3. Hukuk Dairesi 2013/15734 E. , 2014/637 K.
"İçtihat Metni"MAHKEMESİ : KIZILTEPE 1.ASLİYE HUKUK MAHKEMESİ
TARİHİ : 27/12/2012
NUMARASI : 2009/854-2012/1176
Taraflar arasında görülen tazminat davasının yapılan muhakemesi sonunda mahalli mahkemece verilen hüküm taraf vekillerince temyiz edilmiştir.
Y A R G I T A Y K A R A R I
Temyiz isteminin süresi içinde olduğu anlaşıldıktan sonra dosyadaki bütün kağıtlar okunup gereği düşünüldü:
Davacılar vekili dava dilekçesinde, davacılardan Behçet ve Fatma’nın çocuğu, diğer davacıların kardeşi olan Fersende’nin 31.10.2003 tarihinde evlerinin önündeki trafoya elektrik arızasını gidermek için müdahale ettiği sırada elektrik akımı nedeniyle vefat ettiğini, davacılardan Behçet ve Fatma için toplam 2.000 TL ıslah ile 1.797 ve 2.063 TL toplam 3.860 TL maddi tazminatın ve her davacı için ayrı ayrı 150.000’er TL manevi tazminatın olay tarihinden itibaren yasal faizi ile davalıdan tahsilini talep etmiştir.
Davalı DEDAŞ vekili cevap dilekçesinde, davacıların oğlu Fersende’nin yetkisi olmadığı halde trafoya müdahale etmesi ile kusurlu olduğunu beyan etmiştir.
Mahkemece; davanın kısmen kabulü ile 1.797 TL maddi tazminatın davacı Behçet’e, 2.063 TL maddi tazminatın davacı Fatma’ya dava tarihinden itibaren yasal faizi ile davalıdan tahsiline, davacılardan Behçet ve Fatma’ya ayrı ayrı 1.000’er TL manevi tazminatın, kardeşleri Pelda, Vedat, Aydın ve Gülda için ayrı ayrı 500’er TL manevi tazminatın olay tarihinden itibaren yasal faizi ile davalıdan tahsiline karar verilmiş, hükmü taraf vekilleri temyiz etmiştir.
Dava konusu olay nedeni ile mahallinde yapılan keşif sonucu alınan bilirkişi raporu ve talimat ile alınan iki ayrı raporda, davacıların çocuğu Fersende’nin evindeki elektrik arızasını gidermek için trafodaki panoya müdahale etmesinin tamamen kendi dikkatsizliği ve tedbirsizliği sonucu meydana geldiğinden bahisle Fersende’nin %90, davalı DEDAŞ’ın pano kapaklarındaki aksaklığı gidermediği, bakım ve onarımı periyodik yapmadığı için %10 kusurlu olduğu açıklanmıştır.
Dosyadaki yazılara, kararın dayandığı delillerle kanuni gerektirici sebeplere ve özellikle delillerin takdirinde bir isabetsizlik görülmemesine göre, taraf vekillerinin sair temyiz itirazları yerinde değildir.
Ancak, kişilik hakları hukuka aykırı olarak saldırıya uğrayan kimse manevi tazminata hükmedilmesini isteyebilir.
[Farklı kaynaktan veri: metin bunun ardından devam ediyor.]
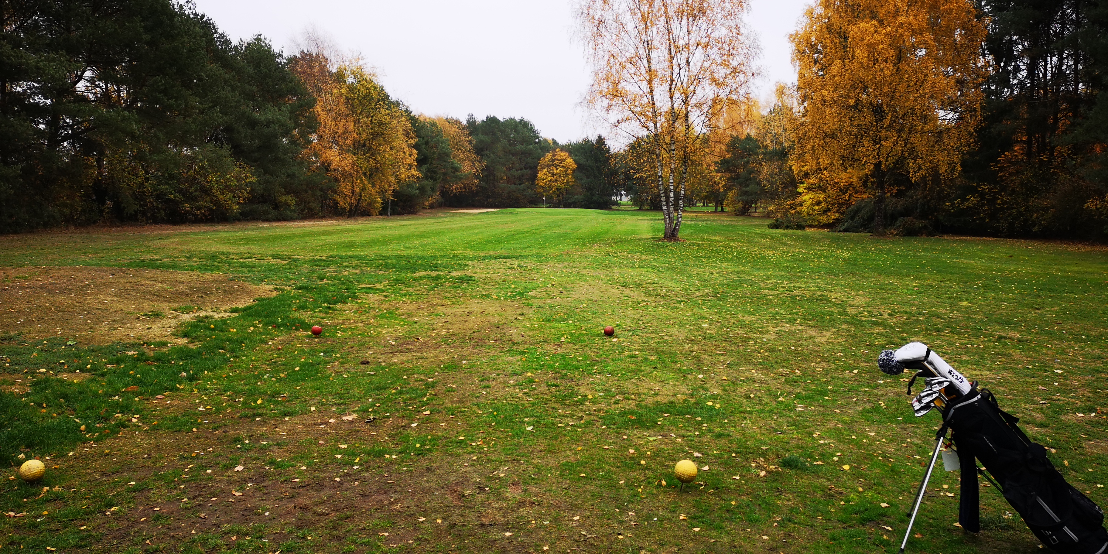 Aber fangen wir von vorne an. Ich bin also mit meinen Bag zum ersten Tee des Kurzplatzes und fand den Einstieg ok. Mit 130 Metern hat das erste Loch eine gute Länge und der Abschlag sah auch gut aus.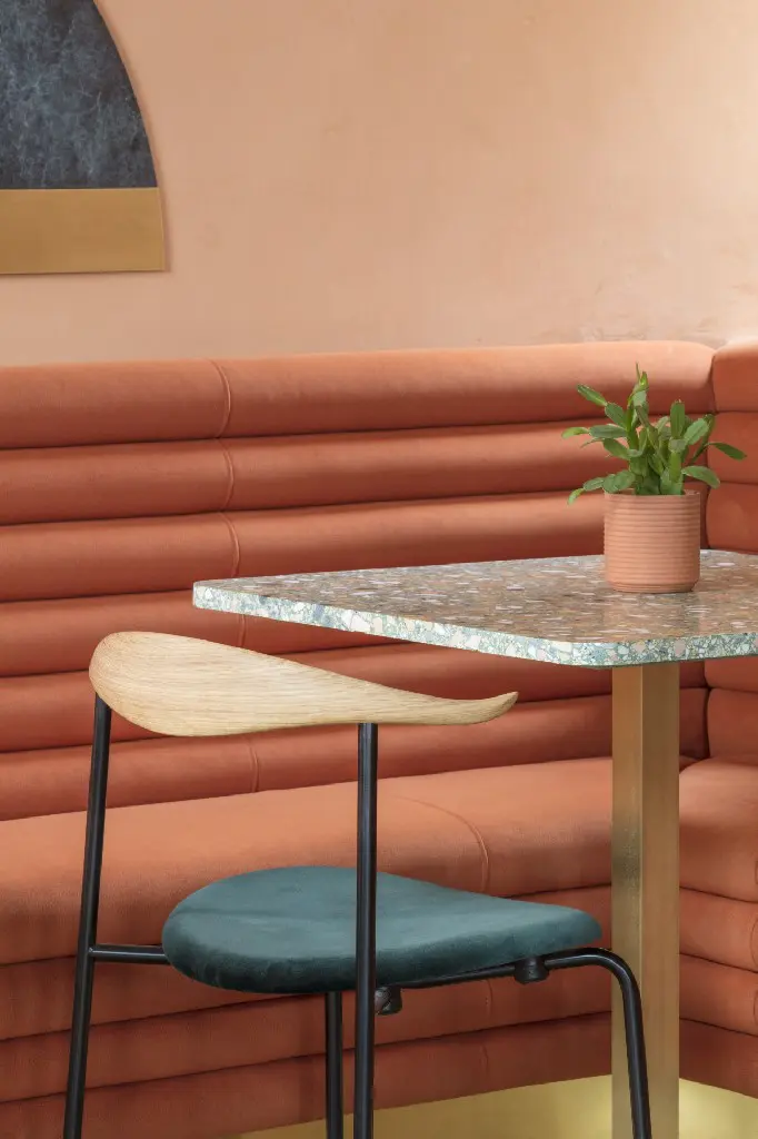 Standard plus TE074 combines orange, brown, cream and green in a sage-green base. The brief, however, called for a 4 metre, curved bar without joints. Cue Diespeker’s bespoke team. The terrazzo design was recreated as a moulded single piece in the factory.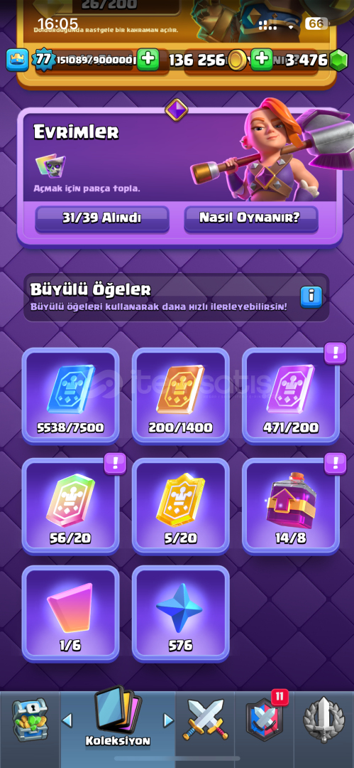 77 level full 15 2 tane 16 level . 150+ emoji 4bin taş.31 tane evrim. Envanteri dolu hesap. Altin olursa 16 level yapilacak kartlar var.

Hakim manevi tazminatın miktarını tayin ederken saldırı teşkil eden eylem ve olayın özelliği yanında tarafların kusur oranını, sıfatını, işgal ettikleri makamı ve diğer sosyal ve ekonomik durumlarını da dikkate almalıdır. Miktarın belirlenmesinde her olaya göre değişebilecek özel hal ve şartların bulunacağı da gözetilerek takdir hakkını etkileyecek nedenleri karar yerinde objektif olarak göstermelidir. Çünkü kanunun takdir hakkı verdiği hususlarda hakimin hukuka ve hakkaniyete göre hüküm vereceği Türk Medeni Kanunu’nun 4.maddesinde belirtilmiştir. Hükmedilecek bu para, zarara uğrayanda manevi huzuru doğurmayı gerçekleştirecek tazminata benzer bir fonksiyonu olan özgün bir nitelik taşır. Bir ceza olmadığı gibi malvarlığı hukukuna ilişkin bir zararın karşılanmasını da amaç edinmemiştir. O halde bu tazminatın sınırı onun amacına göre belirlenmelidir. Takdir edilecek miktar, mevcut halde elde edilmek istenilen tatmin duygusunun etkisine ulaşmak için gerekli olan miktar olmalıdır.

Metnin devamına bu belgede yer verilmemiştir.